#MoldenhauerWine – Il pensiero di Pietro e Aldo Giambenini nel creare questo vino, un rosato frizzante rifermentato in bottiglia, è stato: Easy bubbles, queste sono le prime parole che ci vengono in mente quando qualcuno ci chiede di descrivere Biso. Non easy nel senso  di semplice che spesso, quando si parla di vino, è sinonimo di mancanza di  personalità, vogliamo invece descrivere la sua  versatilità di consumo perché lo riteniamo un vino adatto a molteplici e diverse occasioni: ideale come aperitivo, a nostro avviso non ha paura di abbinamenti azzardati.

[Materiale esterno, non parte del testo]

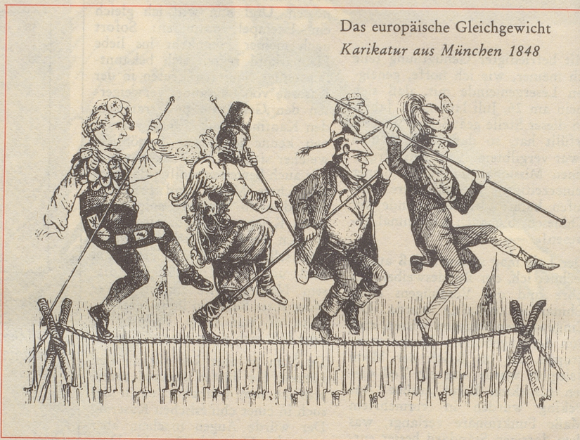
Das europäische Gleichgewicht Karikatur aus München 1848

Beispiele aus der Ausstellung «Sport in der politischen Karikatur», zu sehen im Schweizerischen Turn- und Sportmuseum Basel

Presentare Tenuta la Cà vuole dire raccontare di due giovani che nel 2018 hanno deciso di diventare vignaioli a Calmasino di Bardolino, scelto di essere biologici certificati, di affidarsi alla consulenza del team Uva Sapiens per esaltare le uve che maturano nel microclima di cui gode la loro zona produttiva, insomma di produrre vini espressivi ed emozionali perfettamente spiegati da un’originale brochure che spiega i vari passaggi delle differenti vinificazioni. L’etichetta di Biso ha un look tra l’attuale e il romantico, degustarlo ha avuto anche un effetto rasserenante  e piacevole. Un nuovo vino quindi di una cantina giovane che propone etichette sempre interessanti e mai scontate.

Tornando a Biso, vino rifermentato in bottiglia, è a zero filtrazioni, zero zuccheri e solfiti aggiunti. Le uve di Corvinone provengono da suoli morenici di medio impasto, ricchi di argilla e minerali quali manganese, ferro e calcio. Il sottosuolo è ricco di sorgive che mantengono le radici sempre idratate, mentre il rinnovo della sostanza organica avviene tramite sovescio. La viticultura è biologica.

La Ca vigneto F0A3898

Le uve raccolte in vendemmia manuale passano sul tavolo di selezione vibrante, per la cernita manuale. I grappoli interi rimangono all’interno del tamburo per un periodo da due a quattro ore per l’ammostamento, quindi avviene la spremitura soffice in una pressa pneumatica, dopo di che il mosto fiore e pressato sono frazionati e viene utilizzato solo mosto fiore per Biso. La fermentazione termo-controllata è a 10°C in acciaio inox, con l’uso di lieviti selezionati, precede la maturazione sulle fecce per 8 mesi prima di essere imbottigliato manualmente in aprile, con luna crescente, e chiuso con tappo a corona. Da quel momento parte la seconda fermentazione in bottiglia dove affina per 10 mesi dopo la fine della rifermentazione.

Sorseggiando Biso

La degustazione

Dopo averlo portato tra i 6° e gli 8°, l’abbiamo stappato delicatamente e versato in calici. Ci ha subito conquistato per il suo bel colore rosa antico, per il suo bouquet fragrante tra la piccola frutta rossa, l’agrumato e il floreale. Ma la vera sorpresa è stato l’assaggio per la sua facilissima beva e grande freschezza, restando al palato un vino profondamente minerale, con un piacevolissimo ritorno di pompelmo e lampone. L’assaggio ci è piaciuto dato che il vino è praticamente secco, equilibrato ed estremamente attuale. A nostro avviso è perfetto con piatti estivi di carni bianche o di gamberi rosa delicatamente marinati.